**MATERIAL PROVIDED**
☆ ☆ ☆ ☆ ☆ ☆ ☆

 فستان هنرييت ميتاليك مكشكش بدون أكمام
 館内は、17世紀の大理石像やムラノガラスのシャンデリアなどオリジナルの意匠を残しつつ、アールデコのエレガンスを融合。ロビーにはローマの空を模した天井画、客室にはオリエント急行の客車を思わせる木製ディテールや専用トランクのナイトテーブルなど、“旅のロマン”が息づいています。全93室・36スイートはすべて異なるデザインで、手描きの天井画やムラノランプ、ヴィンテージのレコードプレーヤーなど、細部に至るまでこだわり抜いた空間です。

☆ ☆ ☆ ☆ ☆ ☆ ☆

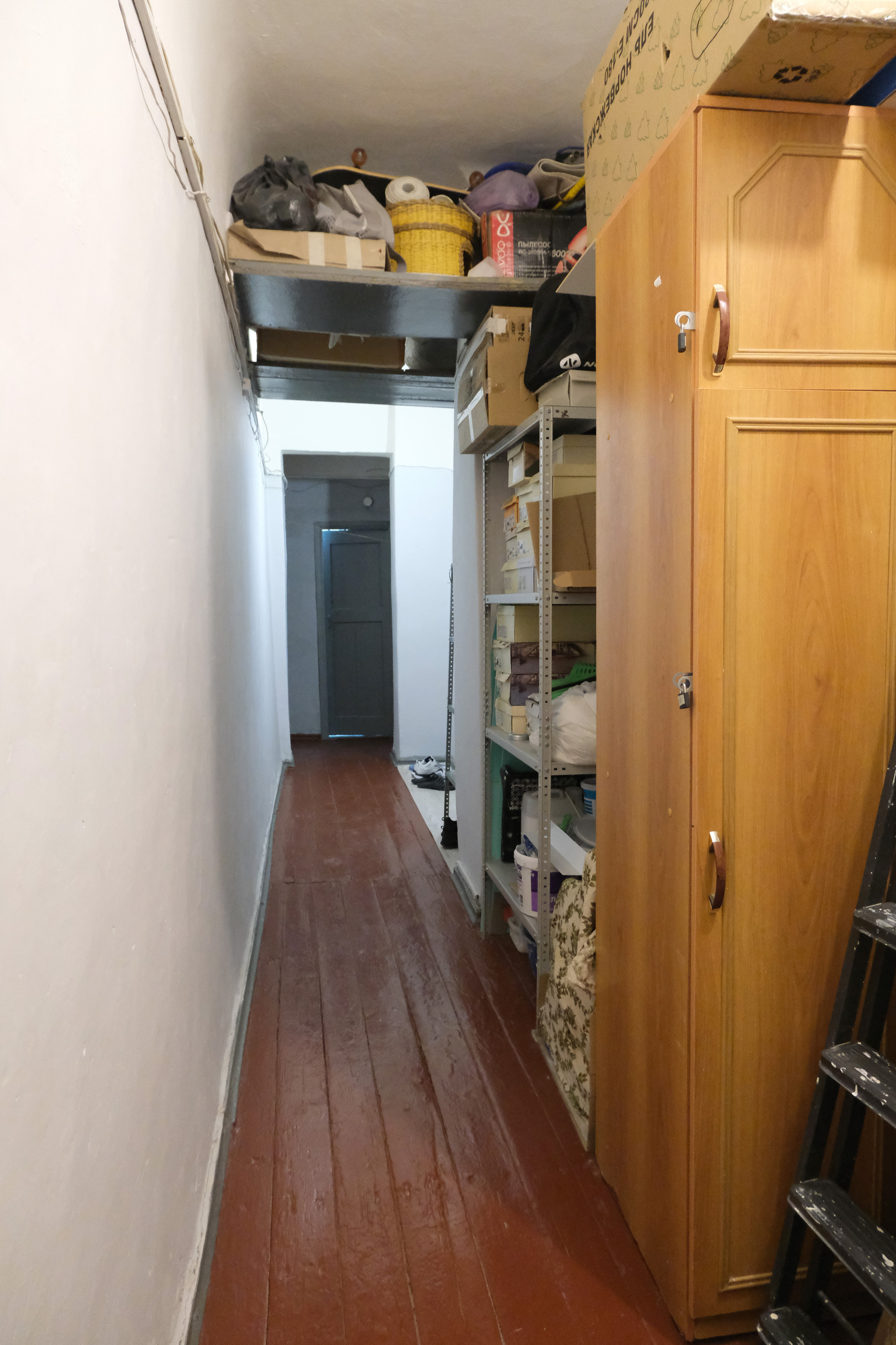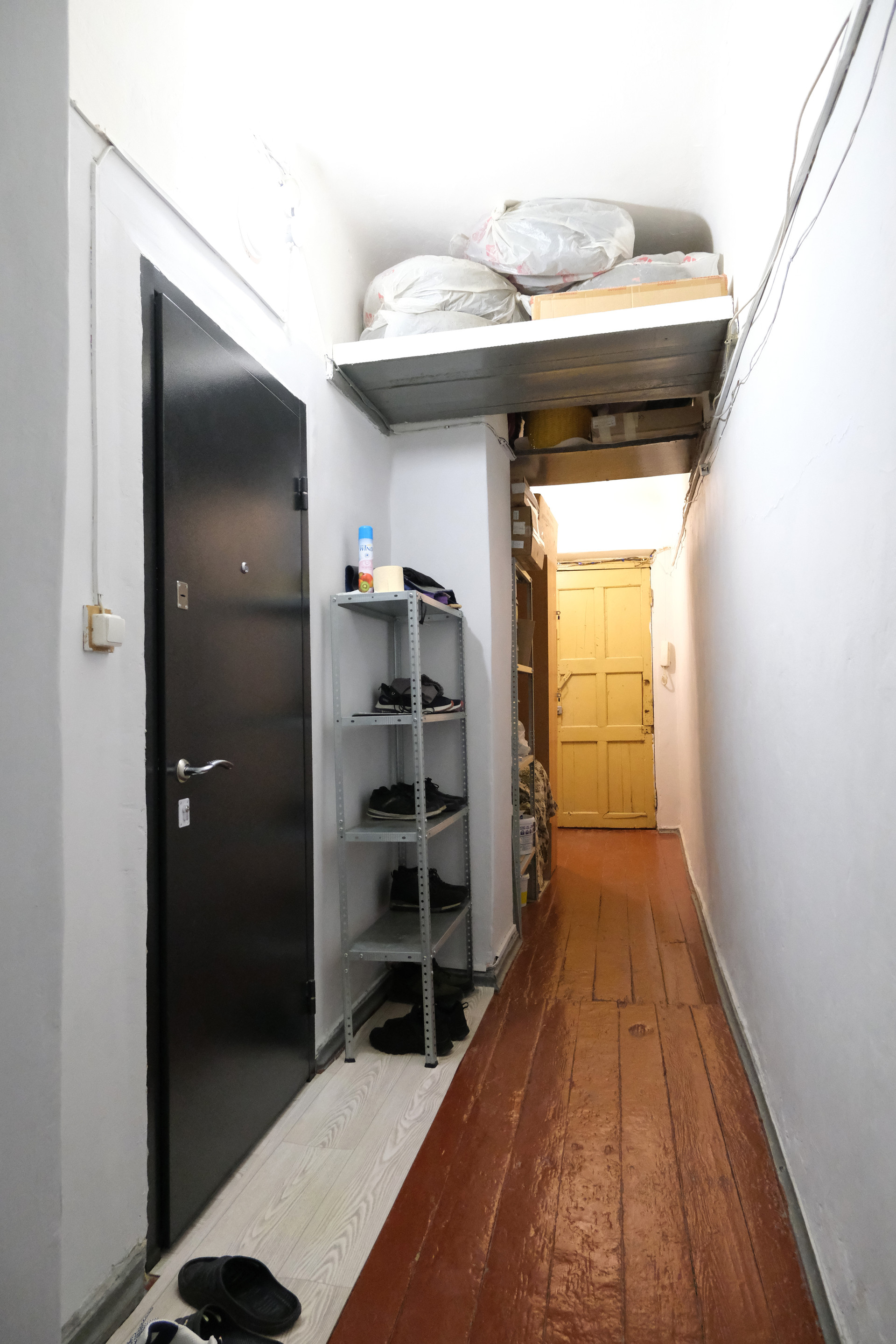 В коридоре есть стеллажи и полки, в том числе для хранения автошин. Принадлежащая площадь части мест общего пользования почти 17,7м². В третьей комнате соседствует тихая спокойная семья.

☆ ☆ ☆ ☆ ☆ ☆ ☆

Only those lines of the entries above that run from the line containing "فستان هنرييت ميتاليك مكشكش بدون أكمام" to the line containing "館内は、17世紀の大理石像や", both included, should be transcribed exactly.

 فستان هنرييت ميتاليك مكشكش بدون أكمام
 館内は、17世紀の大理石像やムラノガラスのシャンデリアなどオリジナルの意匠を残しつつ、アールデコのエレガンスを融合。ロビーにはローマの空を模した天井画、客室にはオリエント急行の客車を思わせる木製ディテールや専用トランクのナイトテーブルなど、“旅のロマン”が息づいています。全93室・36スイートはすべて異なるデザインで、手描きの天井画やムラノランプ、ヴィンテージのレコードプレーヤーなど、細部に至るまでこだわり抜いた空間です。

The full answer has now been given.